Adds vcc to output string input for e32. Allows option
of using e64 encoding with assembler.

Also fixes these instructions not implicitly reading exec.

git-svn-id: https://llvm.org/svn/llvm-project/llvm/trunk@247074 91177308-0d34-0410-b5e6-96231b3b80d8
---
 .../AMDGPU/AsmParser/AMDGPUAsmParser.cpp      |  4 ++
 lib/Target/AMDGPU/SIInstrInfo.td              | 72 ++++++++++---------
 lib/Target/AMDGPU/SIInstructions.td           | 12 ++--
 lib/Target/AMDGPU/SIRegisterInfo.td           | 10 +++
 test/MC/AMDGPU/vop2-err.s                     | 24 +++++++
 test/MC/AMDGPU/vop2.s                         | 61 +++++++++++-----
 6 files changed, 124 insertions(+), 59 deletions(-)
diff --git a/lib/Target/AMDGPU/AsmParser/AMDGPUAsmParser.cpp b/lib/Target/AMDGPU/AsmParser/AMDGPUAsmParser.cpp
index df6f396a403..9ce6874cad3 100644
--- a/lib/Target/AMDGPU/AsmParser/AMDGPUAsmParser.cpp
+++ b/lib/Target/AMDGPU/AsmParser/AMDGPUAsmParser.cpp
@@ -215,6 +215,10 @@ public:
            (isReg() && isRegClass(AMDGPU::SReg_64RegClassID));
   }
 
+  bool isSCSrc64() const {
+    return (isReg() && isRegClass(AMDGPU::SReg_64RegClassID)) || isInlineImm();
+  }
+
   bool isVCSrc32() const {
     return isInlineImm() || (isReg() && isRegClass(AMDGPU::VS_32RegClassID));
   }
diff --git a/lib/Target/AMDGPU/SIInstrInfo.td b/lib/Target/AMDGPU/SIInstrInfo.td
index 1e5e04938be..8664c050e26 100644
--- a/lib/Target/AMDGPU/SIInstrInfo.td
+++ b/lib/Target/AMDGPU/SIInstrInfo.td
@@ -990,7 +990,14 @@ class getVOPSrc1ForVT<ValueType VT> {
 // Returns the register class to use for sources of VOP3 instructions for the
 // given VT.
 class getVOP3SrcForVT<ValueType VT> {
-  RegisterOperand ret = !if(!eq(VT.Size, 64), VCSrc_64, VCSrc_32);
+  RegisterOperand ret =
+  !if(!eq(VT.Size, 64),
+      VCSrc_64,
+      !if(!eq(VT.Value, i1.Value),
+          SCSrc_64,
+          VCSrc_32
+       )
+    );
 }
 
 // Returns 1 if the source arguments have modifiers, 0 if they do not.

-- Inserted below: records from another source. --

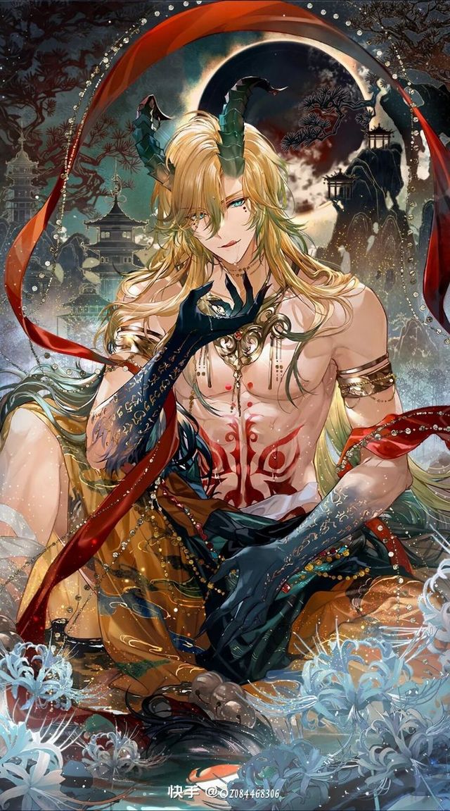 那是一个长相十分俊美的男子,一头金色的头发,发尾有些绿色,一对渐变绿色的犄角长在他的额头之上,脖子上戴着一个金色带流苏项链,项链的正中间镶嵌了一颗红宝石,那个男人手臂从关节处到手是墨绿色的,墨绿色之上还带有金色的符文他下身穿着金色衣物,肚子上有红色的符文,让人觉得诡异,但又挑不出任何的矛盾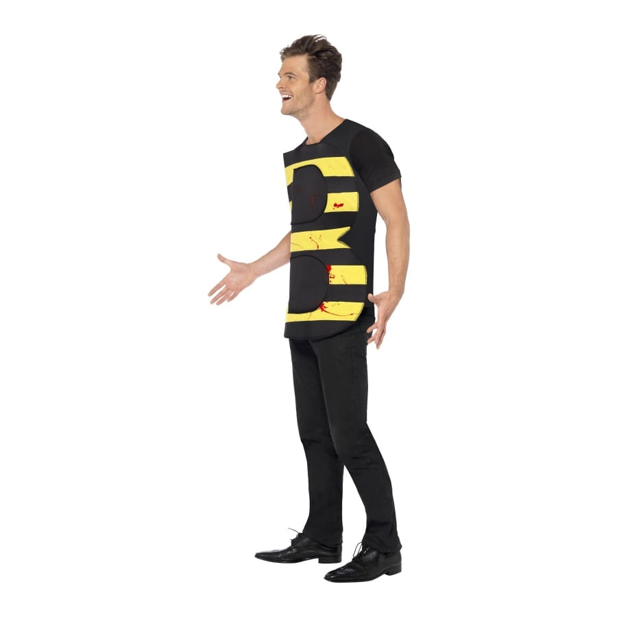 Un déguisement d'abeille tueuse vous pourrez le mettre pour Halloween, ou une fête ayant pour thème horreur, il est composé d'un tabard qui a la forme de la lettre B de couleur jaune et noire avec des taches de sang dessus.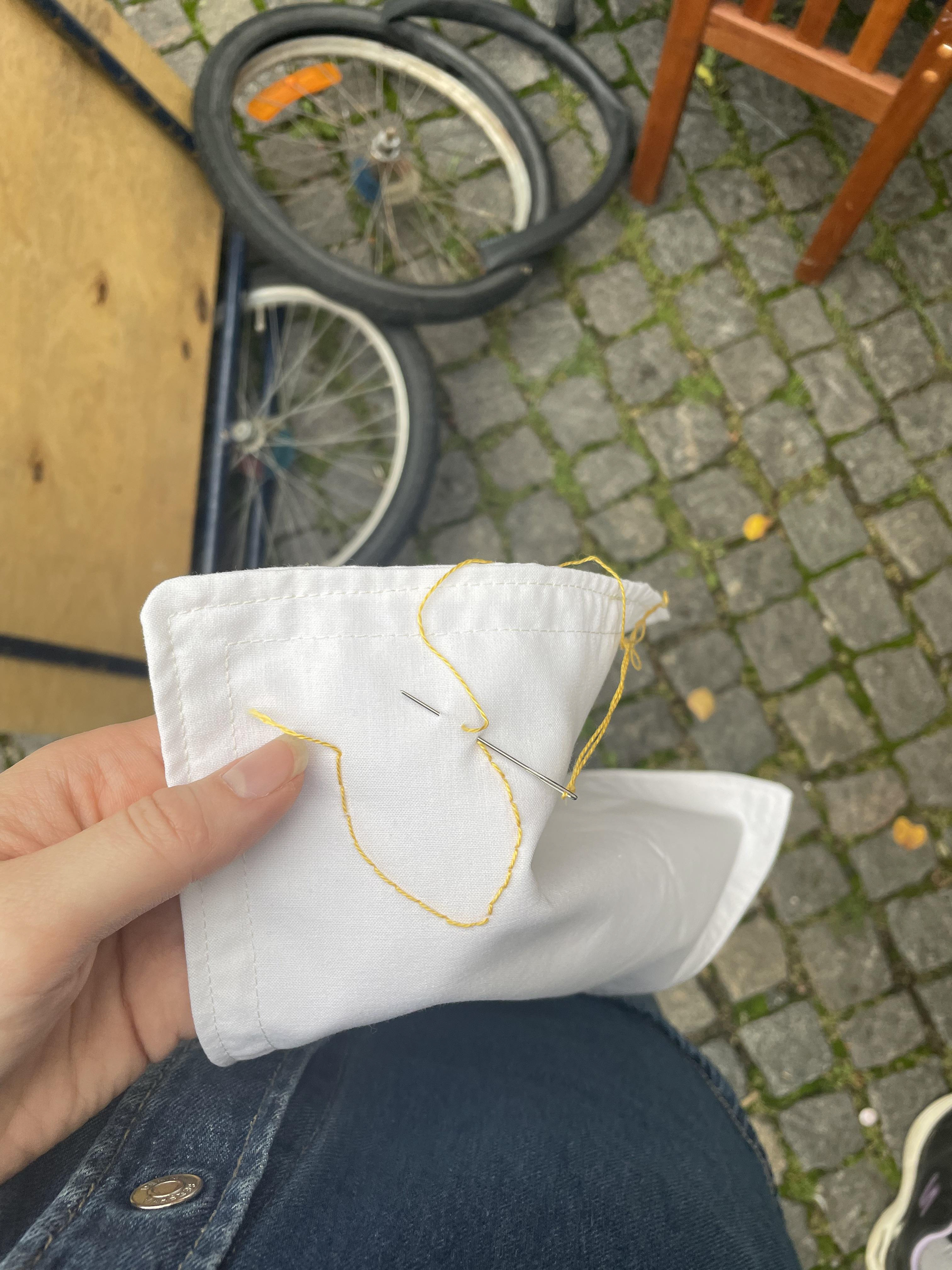 I teltet kunne borgere få masser af inspiration til hvordan man kan passe på og reparere sine ting. I teltet kunne de også deltage i workshop hvor de kunne upcycle gamle langer. Vi havde nemlig stillet lagene, symaskiner, brodeigrej og vejledning til rådighed.
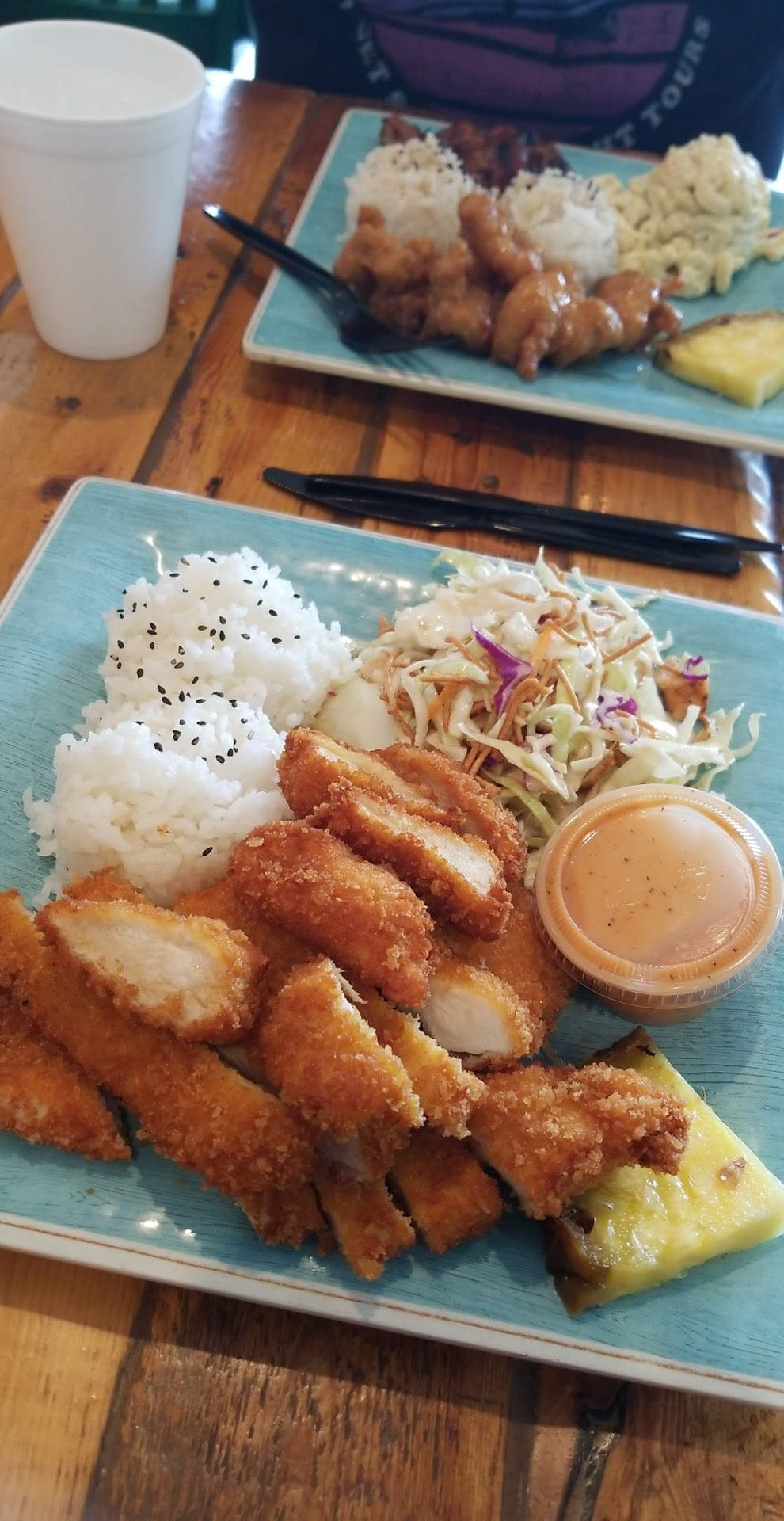 Read moreWow! I guess that I'm spoiled by L & L Hawaiian BBQ or maybe there was just no pride taken in my meal that I paid over $10.00 for. But I have never been so dissapointed ordering Hawaiian food ever. I ordered the 2 meat combo with 1 teryaki beef and 1 chicken katsu. As well as 1 spam musubi. Let's start off with the spam musubi. $3.00 for 1! The menu didn't say how many was to be included but coming from working and patronizing L & L Hawaiian BBQ I automatically assumed that it would be 2...especially for $3.00. But getting past the price the spam wasn't fried (which it usually is to bring out the flavor and slightly carmelize the meat) it was simply sliced and wrapped in what seemed to be regular white rice instead of jasmine or sticky rice. Anytime Ive ever had spam musubi in the past the rice has always had a very distinct smell inducative of sticky/jasmine rice. When I picked the musubi up and took a bite all of the rice started to fall out. #Dissapointed. Moving on to the macaroni salad it was flavorless and the portion was extremely small. It was also watery, and not thick. Again something that I'm used to having when ordering macaroni salad from a Hawaiian cuisine establishment. The chicken katsu on it's own was good but its sauce was very "Americanized" in that it was yellow instead of brown. It tasted like it just had ketchup, mayo, mustard and pepper. It wasn't very good. And finally the beef was extremely dry. It tasted like warm beef jerky with teryaki sauce poured over it. The meat was very tough and not tender which it should've been. Being as though it was so dry it seems like the food preparer either missed the marinating part or didn't bother to marinate it for longer than 10 minutes or so. If you're going to serve Hawaiian food then more pride should be taken in it's preparation., and...

@@ -1070,7 +1077,6 @@ class getAsm64 <int NumSrcArgs, bit HasModifiers> {
       "$dst, "#src0#src1#src2#"$clamp"#"$omod");
 }
 
-
 class VOPProfile <list<ValueType> _ArgVT> {
 
   field list<ValueType> ArgVT = _ArgVT;
@@ -1132,17 +1138,26 @@ def VOP_I32_F32_F32 : VOPProfile <[i32, f32, f32, untyped]>;
 def VOP_I32_F32_I32 : VOPProfile <[i32, f32, i32, untyped]>;
 def VOP_I32_I32_I32 : VOPProfile <[i32, i32, i32, untyped]>;
 
-class VOP2b_Profile<ValueType vt> : VOPProfile<[vt, vt, vt, untyped]> {
+// Write out to vcc or arbitrary SGPR.
+def VOP2b_I32_I1_I32_I32 : VOPProfile<[i32, i32, i32, untyped]> {
   let Asm32 = "$dst, vcc, $src0, $src1";
   let Asm64 = "$dst, $sdst, $src0, $src1";
   let Outs32 = (outs DstRC:$dst);
   let Outs64 = (outs DstRC:$dst, SReg_64:$sdst);
 }
 
-def VOP2b_I32_I1_I32_I32 : VOP2b_Profile<i32>;
-
-def VOP2b_I32_I1_I32_I32_VCC : VOP2b_Profile<i32> {
+// Write out to vcc or arbitrary SGPR and read in from vcc or
+// arbitrary SGPR.
+def VOP2b_I32_I1_I32_I32_I1 : VOPProfile<[i32, i32, i32, i1]> {
   let Src0RC32 = VCSrc_32;
+  let Asm32 = "$dst, vcc, $src0, $src1, vcc";
+  let Asm64 = "$dst, $sdst, $src0, $src1, $src2";
+  let Outs32 = (outs DstRC:$dst);
+  let Outs64 = (outs DstRC:$dst, SReg_64:$sdst);
+
+  // Suppress src2 implied by type since the 32-bit encoding uses an
+  // implicit VCC use.
+  let Ins32 = (ins Src0RC32:$src0, Src1RC32:$src1);
 }
 
 // VOPC instructions are a special case because for the 32-bit
@@ -1429,32 +1444,19 @@ multiclass VOP3SI_2_m <vop op, dag outs, dag ins, string asm,
   // No VI instruction. This class is for SI only.
 }
 
-// XXX - Is v_div_scale_{f32|f64} only available in vop3b without
-// option of implicit vcc use?
-multiclass VOP3b_2_m <vop op, dag outs, dag ins, string asm,
-                      list<dag> pattern, string opName, string revOp,
-                      bit HasMods = 1, bit UseFullOp = 0> {
-  def "" : VOP3_Pseudo <outs, ins, pattern, opName>,
-           VOP2_REV<revOp#"_e64", !eq(revOp, opName)>;
-
-  def _si : VOP3b_Real_si <op.SI3, outs, ins, asm, opName>,
-            VOP3DisableFields<1, 0, HasMods>;
-
-  def _vi : VOP3b_Real_vi <op.VI3, outs, ins, asm, opName>,
-            VOP3DisableFields<1, 0, HasMods>;
-}
-
-multiclass VOP3b_3_m <vop op, dag outs, dag ins, string asm,
-                      list<dag> pattern, string opName, string revOp,
-                      bit HasMods = 1, bit UseFullOp = 0> {
+// Two operand VOP3b instruction that may have a 3rd SGPR bool operand
+// instead of an implicit VCC as in the VOP2b format.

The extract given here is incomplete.